CHMG-DT (channel 10) is a low-power independent community television station in Quebec City, Quebec, Canada, owned by Télé-Mag inc. The station's studios are located on Jean-Perrin Street, along Autoroutes 40/73 in Les Rivières, and its transmitter is located at Place de la Cité in Sainte-Foy.

CHMG-DT is branded on air as Télé-Mag, which is a portmanteau of "television" and "magazine".

History

Télé-Mag first broadcast in 1979 as cable-only "Télé-Plus 24"; it was renamed "Télé-Mag 24" in 1994. The "24" in the name represented the cable channel position at the time, on channel 24; it has since moved to channel 10.

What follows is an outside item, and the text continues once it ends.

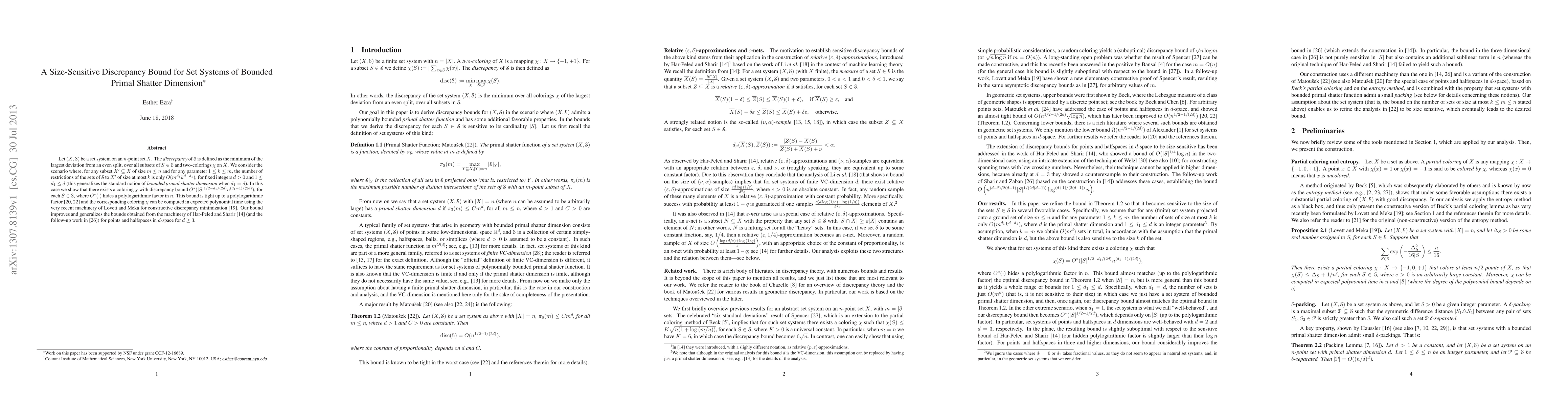 Researchers developed a size-sensitive discrepancy bound for set systems of bounded primal shatter dimension, showing that there exists a coloring with a specific optimal error bound for each subset, improving previous bounds.

In August 2003, the Canadian Radio-television and Telecommunications Commission (CRTC) granted Télé-Mag a low-power terrestrial broadcast licence on channel 9, under the calls CHMG-TV. Broadcasting only at 38 watts, the broadcast station launched on October 20, 2005.

Technical information

Subchannel

Analogue-to-digital transition
The station began broadcasting in high-definition via cable television in December 2010.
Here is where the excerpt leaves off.